Like Netflix, Disney+ is getting stronger by sharing account access information. Disney+’s subscriber agreement previously stated that users could not share account information, but the streaming service on Tuesday told its Canadian users that it was “imposing restrictions on account sharing.”
As a sign about MobileSyrup Wednesday, Disney+ sent an email to Canadian subscribers informing them of updates to the subscription agreement as of November 1, including the addition of an “account sharing” section. Although the rules seem to be launching with Canada first, it is likely that they will eventually roll out to other territories, such as the US. Netflix initially tested its password-sharing initiative in other countries before bringing it to the US.
MobileSyrup reported the update to Disney+’s Canadian deal as saying;
Unless otherwise permitted by your Level of Service, you may not share your subscription outside of your home. “House” means the collection of appliances associated with the primary personal residence used by the individuals living therein. Additional terms of use may apply for certain Service Tiers.
The Disney+ report goes on to say that it may opt out of analyzing subscriber accounts to ensure they are compliant. Handling may include cutting access to Disney+.
During Disney’s Q3 2023 earnings call in August, CEO Bob Iger pointed to “significant” password sharing among its streaming services, which also includes two-thirds ownership of Hulu, while declining to provide an exact number. At the time, Iger said Disney had the “technical ability” to monitor password sharing. He added that the company believed the move would result in some new subscribers but did not know how many. It’s possible that news-sharing rules could spread to Hulu, too.
As revealed in Disney’s Q3 2023 earnings report, Disney+ lost 11.7 million subscribers during the quarter, (mainly due to the loss of the rights to the Indian Premier League cricket tournament). Disney’s overall streaming operations losses were $512 million in that quarter, which was a decrease from $1.06 billion in Q3 2022.

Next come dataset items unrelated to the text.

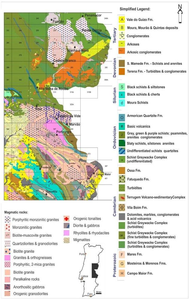 The study area encompasses both the Central Iberian Zone (CIZ) and the Ossa-Morena Zone (OMZ) of the Variscan Orogen (Figure 1). The CIZ includes, from North to South, the Cambrian Schist-Greywacke Complex, intruded by granitic plutons at Idanha-a-Nova, Penamacor, Castelo Branco, Nisa and Portalegre, the Paleogene Beira Baixa Arkoses and related Mio-Pliocene sandstone and conglomerate formations and the Ordovician Quartzite ridges of Salvador – Penha Garcia – Monfortinho, Vila Velha de Ródão and Portalegre. The OMZ includes the Série Negra Formation in the Tomar-Cordoba Shear Zone and Ordovician peralkaline rocks and Cambrian meta-sedimentary rocks locally intruded by granitic plutons (Fronteira and Ervedal).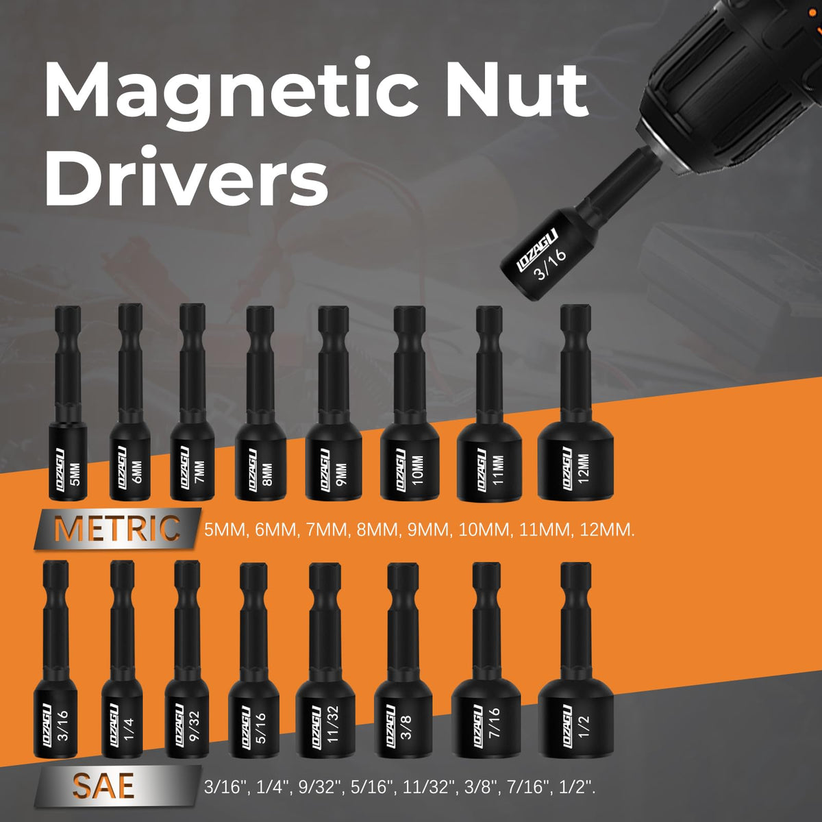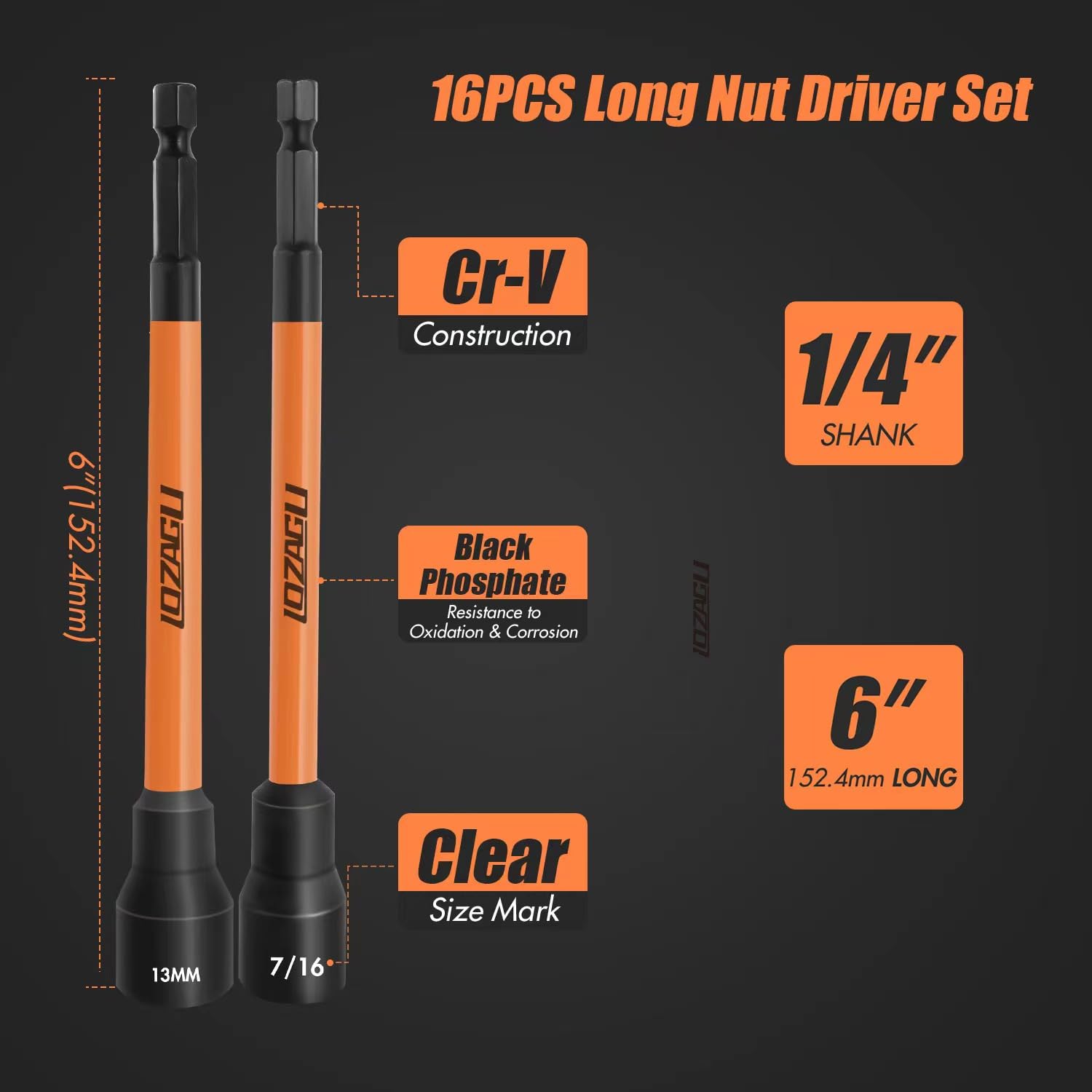 16Pcs Long Magnetic Nut Driver Set for Impact Drill | 6 Inch Long Nut Driver Set | SAE and Metric | 1/4 Inch Hex Shank | Cr-V Steel (16PCS Magnetic Nut Driver (Long))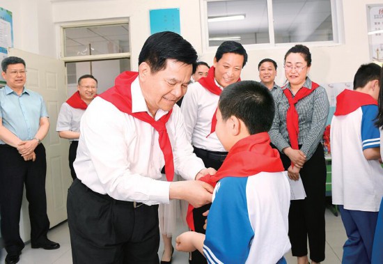 李紀恒來到一年級二班,“愛祖國、擔(dān)大任,爭做新時代好隊員”主題隊日活動正在舉行,一名少先隊員走上前來,為他戴上鮮艷的紅領(lǐng)巾。李紀恒說,看到小朋友們快樂活潑、朝氣蓬勃,我很高興,“六一”國際兒童節(jié)快到了,我提前祝大家和全區(qū)的小朋友們節(jié)日快樂、學(xué)習(xí)進步、健康成長。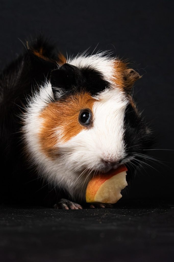 Ernährung: Heu, Gemüse, Obst, Pellets mit Vitamin C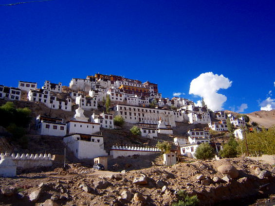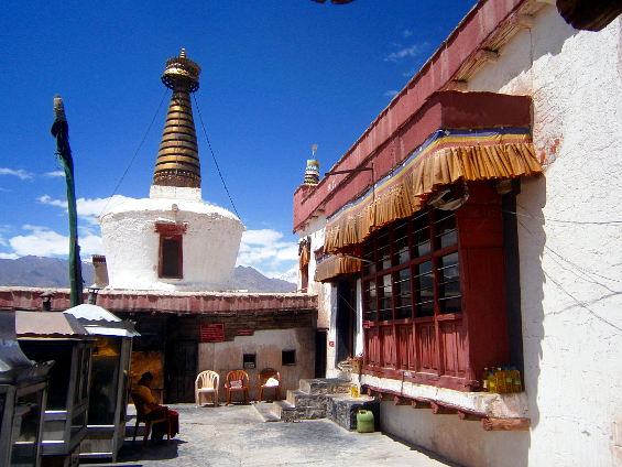 At Thiksey is situated the most impressive monastery in whole of Ladakh – people often compare it to the Potala Palace in Lhasa, Tibet. We see tens of white houses where the monks live and the main monastery building of the complex that are rising on a massive rock with a view towards the whole valley. The monastery was built 15-th century and belonged to the Gelug Pa sect (or the yellow hats). There are four main orders (or sects): Kagyupa, Sakyapa, Ningmapa, Gelugpa. Most monasteries in Ladakh belong to the Kagyupa Order – the Dragon Order Drukpa.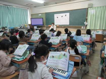 新型コロナウイルス感染症に気をつけるため,学校では,鍵盤ハーモニカは吹きません。先生のピアノに合わせて,指づかいだけ練習しました。よく頑張っていました。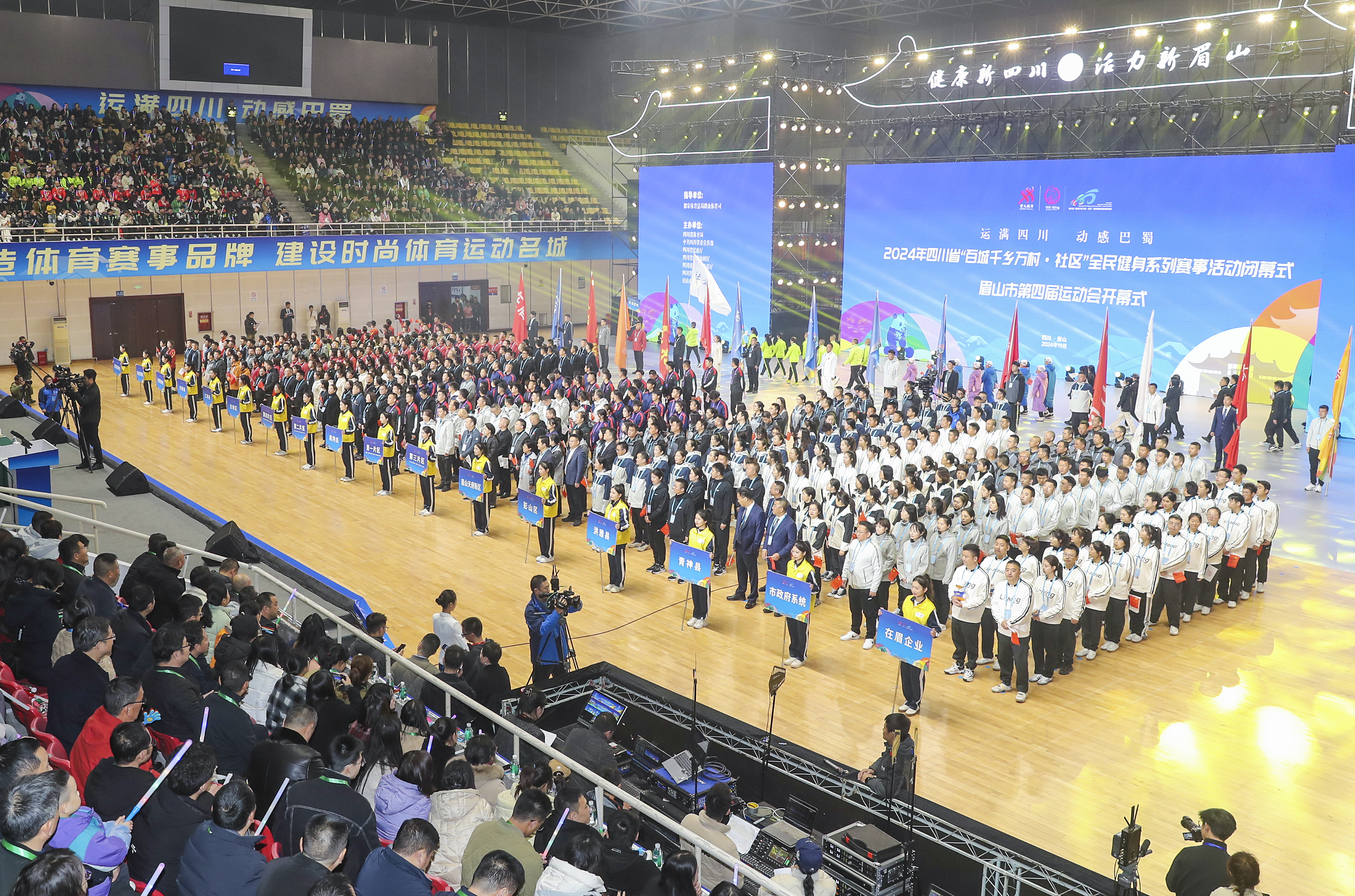 活动分《运满四川·动感巴蜀》《全民健身·万千气象》《全民运动·活力眉山》三个篇章进行,生动展现出全民健身事业在四川这片广袤土地上的蓬勃发展态势。在《运满四川·动感巴蜀》篇章,现场随着音乐旋律的响起,节目健身操《活力百城千乡万村》精彩登场,来自全省四个片区的健身爱好者用热情舞步点燃全场,展现出四川全民健身的火热情景。紧随其后,入场式精彩纷呈,国旗护卫队、裁判员方队、4个片区方队以及眉山市第四届运动会的 13 个方队依次入场,各方队各具特色。有的身着民族服饰,彰显四川多元文化魅力;有的挥舞彩旗,以整齐划一的步伐和激昂的口号声,彰显出运动员们奋勇争先的决心与团结协作的精神风貌。

Netflix has imposed its own password crackdown in the US in May. Now it charges users US $8 for every user outside the home through use information such as IP addresses, device IDs, and account activity. In August, Netflix tell that its focus on account sharing has helped drive revenue and new subscriptions more than cancellations. Unlike Disney+, Netflix’s new rules come after years of ignoring account sharing. Disney+ launched in November 2019, and Disney’s total streaming losses since then have exceeded $11 billion, The New York Times reported in August.

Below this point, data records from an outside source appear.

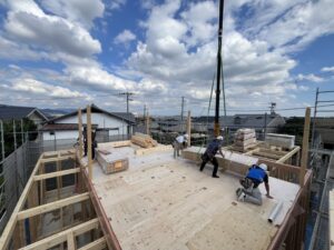 クレーンを利用し胴差し(2階の床の高さで建物の周りをぐるりと巡る横架材)、
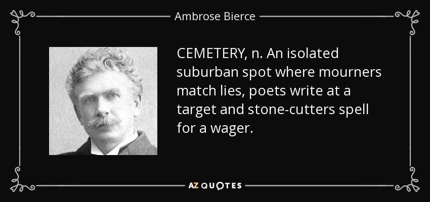 CEMETERY, n. An isolated suburban spot where mourners match lies, poets write at a target and stone-cutters spell for a wager.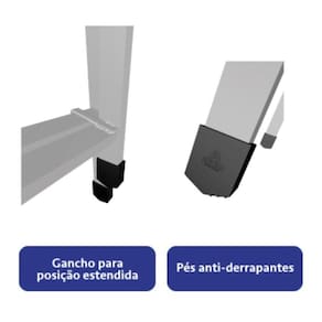 Multifuncional, pode ser utilizada como escada extensível, tipo tesoura ou separada em duas partes. Conta com sapatas de borracha antiderrapantes nos pés e terminais de proteção nas extremidades, garantindo maior firmeza e segurança durante o uso.

But as streaming services fight for more subscribers, viewers are challenged by streaming services cutting content budgets and raising prices. Like rivals, Disney is set to introduce a level of advertising support in an effort to increase subscribers, as well.
However, with Disney slashing the content through $3 billion In the next few years, you may have to do better than marketing ads and password monitoring to increase interest in your streaming services.